The aim of this phase is to prepare data for testing.

## Required Python packages

- pandas
- PyMuPDF
- python-docx

## Importing the required libraries

In [1]:
import pandas as pd
import pymupdf
from docx import Document
import re
import os
import sys

## Defining input variables

In [2]:
input_directory = 'cl_st1_ph3_eyamrog'
output_directory = 'cl_st1_ph31_eyamrog'

## Creating output directory

In [3]:
# Check if the output directory already exists. If it does, do nothing. If it doesn't exist, create it.
if os.path.exists(output_directory):
    print('Output directory already exists.')
else:
    try:
        os.makedirs(output_directory)
        print('Output directory successfully created.')
    except OSError as e:
        print('Failed to create the directory:', e)
        sys.exit(1)

Output directory successfully created.


## Preparing data for testing

### Importing the data into a DataFrame

In [4]:
df_scielo_preprint_preChatGPT_en = pd.read_json(f'{input_directory}/scielo_erpp_pp.jsonl', lines=True)

In [5]:
df_scielo_preprint_preChatGPT_en.dtypes

Title           object
URL             object
Authors         object
Published       object
PDF Language    object
PDF URL         object
Submitted        int64
Posted           int64
Text ID         object
Text            object
dtype: object

In [6]:
df_scielo_preprint_preChatGPT_en['Submitted'] = pd.to_datetime(df_scielo_preprint_preChatGPT_en['Submitted'], unit='ms')
df_scielo_preprint_preChatGPT_en['Posted'] = pd.to_datetime(df_scielo_preprint_preChatGPT_en['Posted'], unit='ms')

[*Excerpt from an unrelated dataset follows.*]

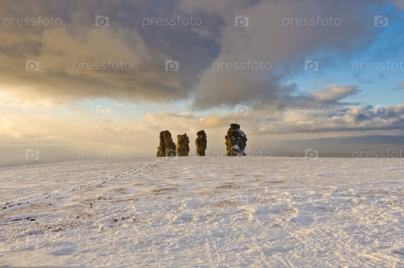 Останцы плато Маньпупунер зимой, Северный Урал. Одно из семи чудес России

### Dropping all texts except the first

In [7]:
df_scielo_preprint_preChatGPT_en = df_scielo_preprint_preChatGPT_en.loc[:0]

In [8]:
df_scielo_preprint_preChatGPT_en

Unnamed: 0,Title,URL,Authors,Published,PDF Language,PDF URL,Submitted,Posted,Text ID,Text
0,"(Fern flora of Viçosa, Minas Gerais State, Bra...",https://preprints.scielo.org/index.php/scielo/...,"Nelson Túlio Lage Pena, Pedro Bond Schwartsburd",Submitted 11/22/2022 - Posted 11/23/2022,PDF,https://preprints.scielo.org/index.php/scielo/...,2022-11-22,2022-11-23,t000000,"(Fern flora of Viçosa, Minas Gerais State, Bra..."

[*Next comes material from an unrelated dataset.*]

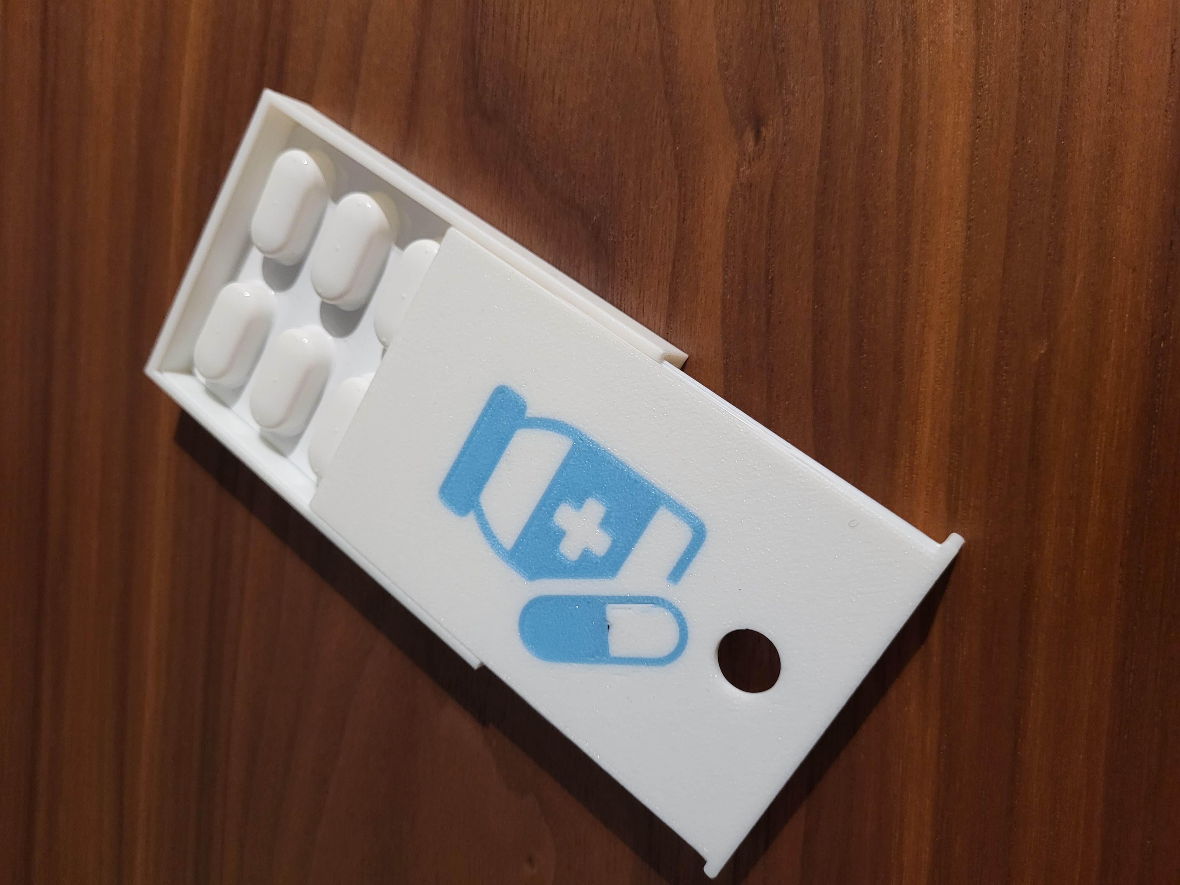 Hộp đựng thuốc. Dễ mở, không làm hư hại hộp giấy nguyên bản trong ba lô hoặc túi xách. Để điều chỉnh kích thước, bạn cứ việc scale (phóng to/thu nhỏ) trong phần mềm slicer theo ý muốn nha.

### Including `t000001`manually

Copy `t000001.pdf` into `output_directory` before running the following cell.

In [9]:
def scrape_pdf(pdf_path, output_txt):
    # Opening the PDF file
    doc = pymupdf.open(pdf_path)
    
    # Initialising an empty string to store the text
    text = ''
    
    # Iterating through all the pages and extract text
    for page in doc:
        text += page.get_text()
    
    # Writing the extracted text to a text file in UTF-8 encoding
    with open(output_txt, 'w', encoding='utf-8') as txt_file:
        txt_file.write(text)

scrape_pdf(f"{output_directory}/t000001.pdf", f"{output_directory}/t000001.txt")

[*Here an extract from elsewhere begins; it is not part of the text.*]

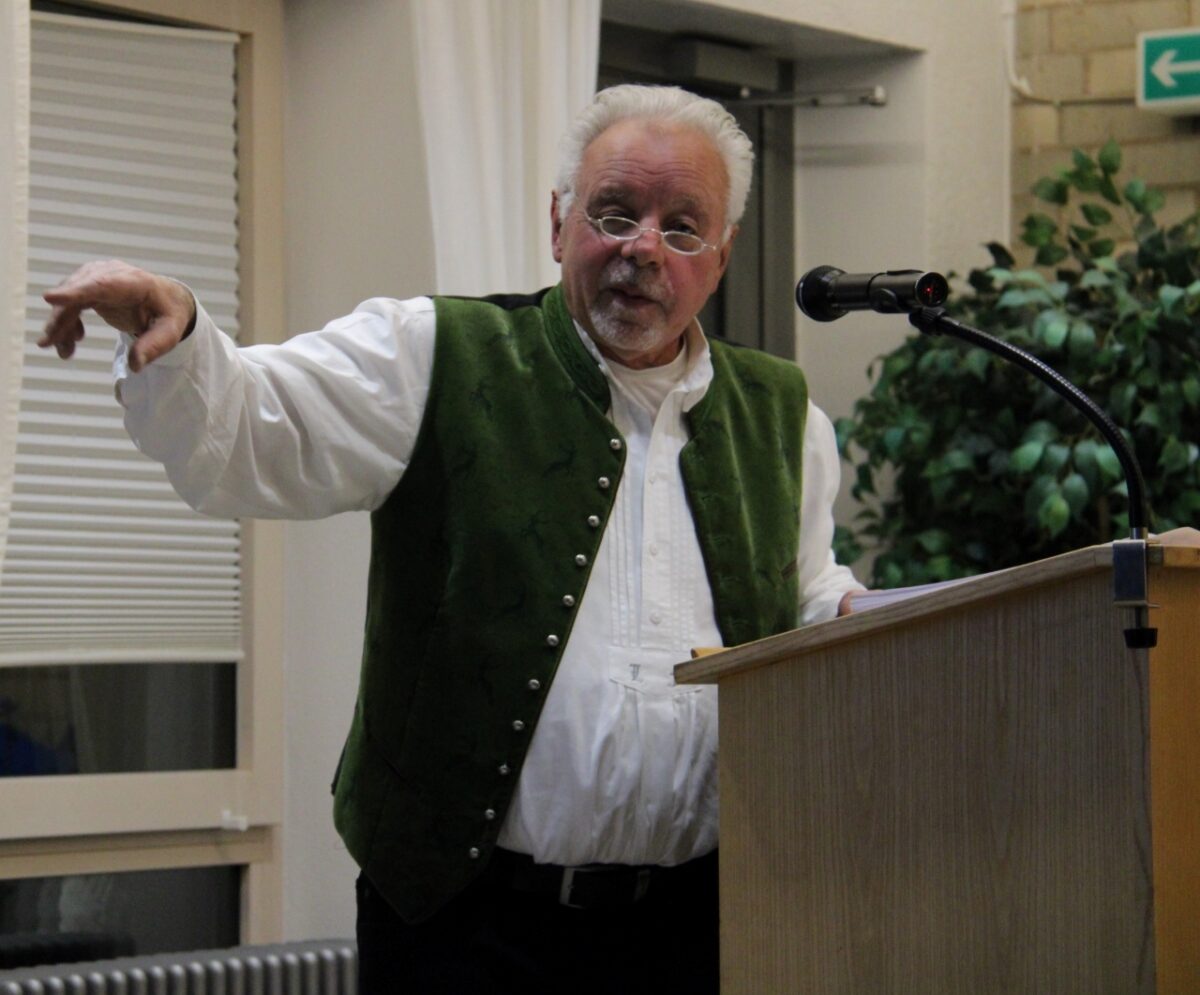„Seit Gründung der Stadt gibt es nachweislich eine Bürgerwehr“, blickte der Autor auf die Anfänge Neustadts zurück und erzählte von der Nachrichtenbörse im Flur des Alten Schlosses, in dem zu seiner Kinder- und Jugendzeit das Schreibwarengeschäft von Hans Bogner untergebracht war. Dort erzählten „die Alten“ von früher, auch vom großen Heimatfest 1923, als sich die Bürgerwehr wieder formierte. Fritsch las viele Passagen aus seinem Buch und schmückte die Erlebnisse zur 750-Jahr-Feier der Stadt, als seine Bürgerwehr erstmals wieder an die Öffentlichkeit trat und mit ihren Auftritten für großes Aufsehen sorgte, mit kleinen Anekdoten aus.

Edit `t000001.txt` manually to ensure one paragraph per line before running the following cell.

In [10]:
# Function to read the content of a TXT file
def read_txt_file(file_path):
    with open(file_path, 'r', encoding='utf-8') as file:
        return file.read()

data = []

# Append the data to the list
data.append({
    'Title': 'Critical Literacies, Meaning Making and New Epistemological Perspectives',
    'URL': 'https://revistas.unal.edu.co/index.php/male/article/view/10712/',
    'Authors': 'Walkyria Monte Mór',
    'Published': 'Submitted 01/01/2008 - Posted 01/01/2008',
    'PDF Language': 'PDF',
    'PDF URL': 'https://revistas.unal.edu.co/index.php/male/article/view/10712/',
    'Submitted': '2008-01-01',
    'Posted': '2008-01-01',
    'Text ID': 't000001',
    'Text': read_txt_file(f"{output_directory}/t000001.txt")
})

# Convert the data list to a DataFrame
df_new_row = pd.DataFrame(data)

# Append the new row to the existing DataFrame
df_scielo_preprint_preChatGPT_en = pd.concat([df_scielo_preprint_preChatGPT_en, df_new_row], ignore_index=True)

In [11]:
df_scielo_preprint_preChatGPT_en

Unnamed: 0,Title,URL,Authors,Published,PDF Language,PDF URL,Submitted,Posted,Text ID,Text
0,"(Fern flora of Viçosa, Minas Gerais State, Bra...",https://preprints.scielo.org/index.php/scielo/...,"Nelson Túlio Lage Pena, Pedro Bond Schwartsburd",Submitted 11/22/2022 - Posted 11/23/2022,PDF,https://preprints.scielo.org/index.php/scielo/...,2022-11-22 00:00:00,2022-11-23 00:00:00,t000000,"(Fern flora of Viçosa, Minas Gerais State, Bra..."
1,"Critical Literacies, Meaning Making and New Ep...",https://revistas.unal.edu.co/index.php/male/ar...,Walkyria Monte Mór,Submitted 01/01/2008 - Posted 01/01/2008,PDF,https://revistas.unal.edu.co/index.php/male/ar...,2008-01-01,2008-01-01,t000001,This article presents a research analysis in w...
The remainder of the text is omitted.